> [Work order] Range to copy from the entries below: the line containing "The Teichpumpen-Set Oasis" through the line containing "This Castle Bridge", inclusive. Retype only those lines, exactly, without any images.

> [Dataset]
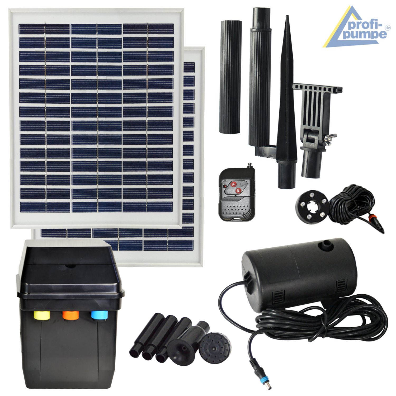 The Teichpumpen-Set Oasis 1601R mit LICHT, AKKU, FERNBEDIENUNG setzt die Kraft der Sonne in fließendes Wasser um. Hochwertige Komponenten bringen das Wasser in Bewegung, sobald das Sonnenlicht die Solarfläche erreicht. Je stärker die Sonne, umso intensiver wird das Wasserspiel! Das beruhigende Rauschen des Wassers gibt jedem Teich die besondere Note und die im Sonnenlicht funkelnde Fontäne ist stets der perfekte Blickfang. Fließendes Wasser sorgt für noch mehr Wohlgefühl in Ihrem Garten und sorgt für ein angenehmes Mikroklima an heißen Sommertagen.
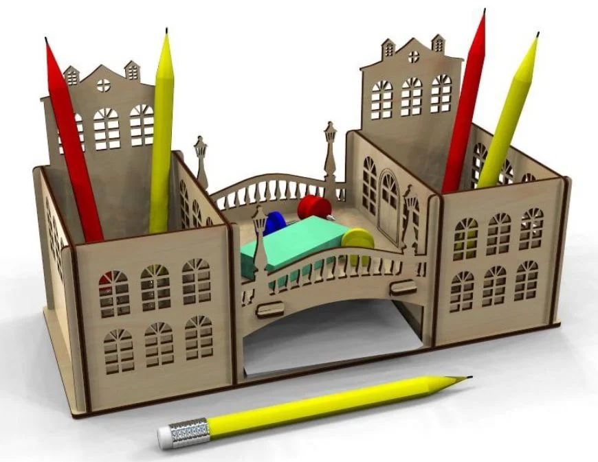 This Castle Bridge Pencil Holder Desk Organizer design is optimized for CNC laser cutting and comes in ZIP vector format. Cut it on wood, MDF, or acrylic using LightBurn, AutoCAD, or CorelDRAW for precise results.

==

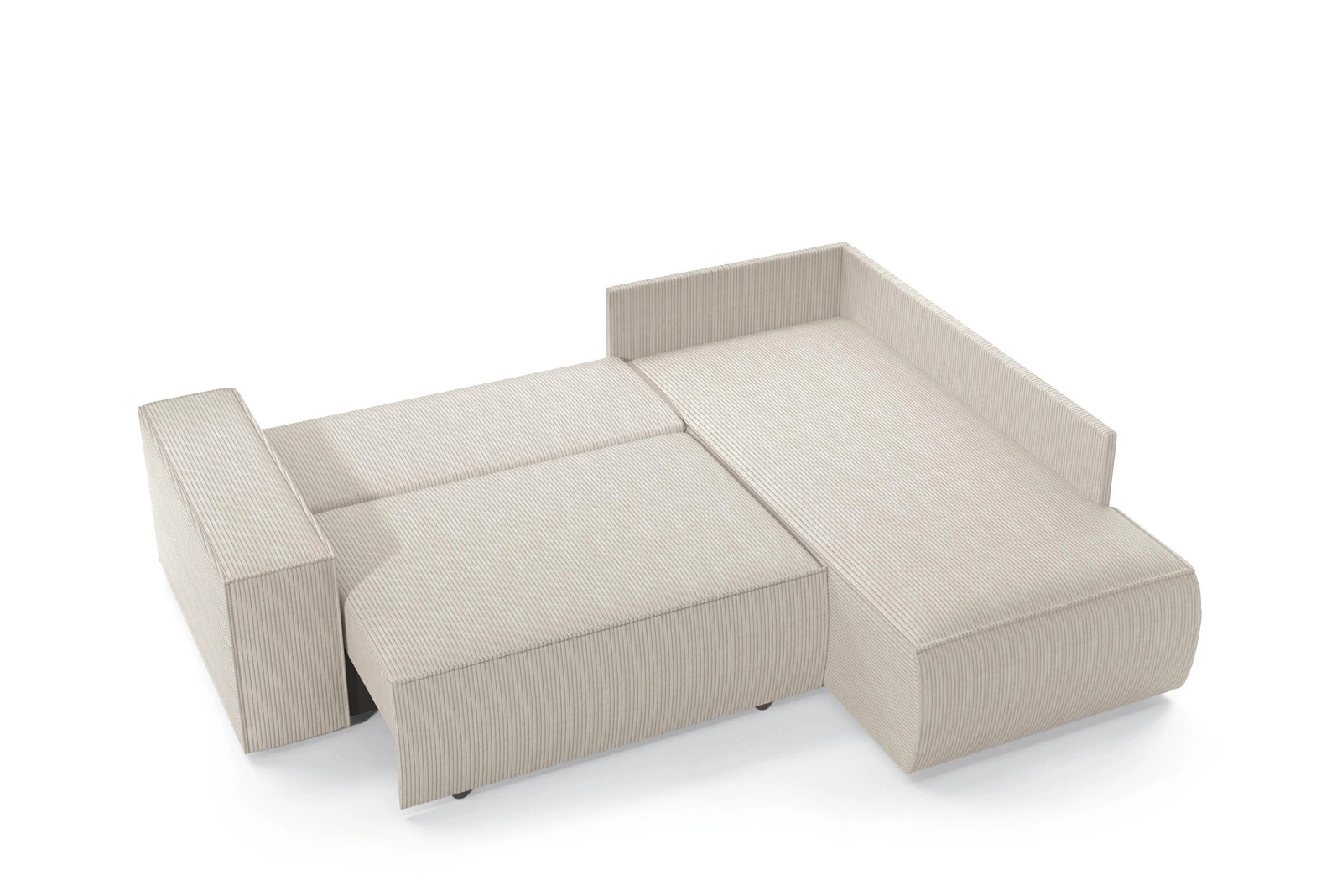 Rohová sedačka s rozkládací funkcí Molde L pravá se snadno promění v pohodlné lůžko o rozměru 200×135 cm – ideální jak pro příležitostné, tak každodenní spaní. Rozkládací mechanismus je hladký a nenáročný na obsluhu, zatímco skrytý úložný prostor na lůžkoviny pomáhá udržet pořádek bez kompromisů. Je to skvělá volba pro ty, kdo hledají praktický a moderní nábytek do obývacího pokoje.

> [Task result]
 The Teichpumpen-Set Oasis 1601R mit LICHT, AKKU, FERNBEDIENUNG setzt die Kraft der Sonne in fließendes Wasser um. Hochwertige Komponenten bringen das Wasser in Bewegung, sobald das Sonnenlicht die Solarfläche erreicht. Je stärker die Sonne, umso intensiver wird das Wasserspiel! Das beruhigende Rauschen des Wassers gibt jedem Teich die besondere Note und die im Sonnenlicht funkelnde Fontäne ist stets der perfekte Blickfang. Fließendes Wasser sorgt für noch mehr Wohlgefühl in Ihrem Garten und sorgt für ein angenehmes Mikroklima an heißen Sommertagen.
 This Castle Bridge Pencil Holder Desk Organizer design is optimized for CNC laser cutting and comes in ZIP vector format. Cut it on wood, MDF, or acrylic using LightBurn, AutoCAD, or CorelDRAW for precise results.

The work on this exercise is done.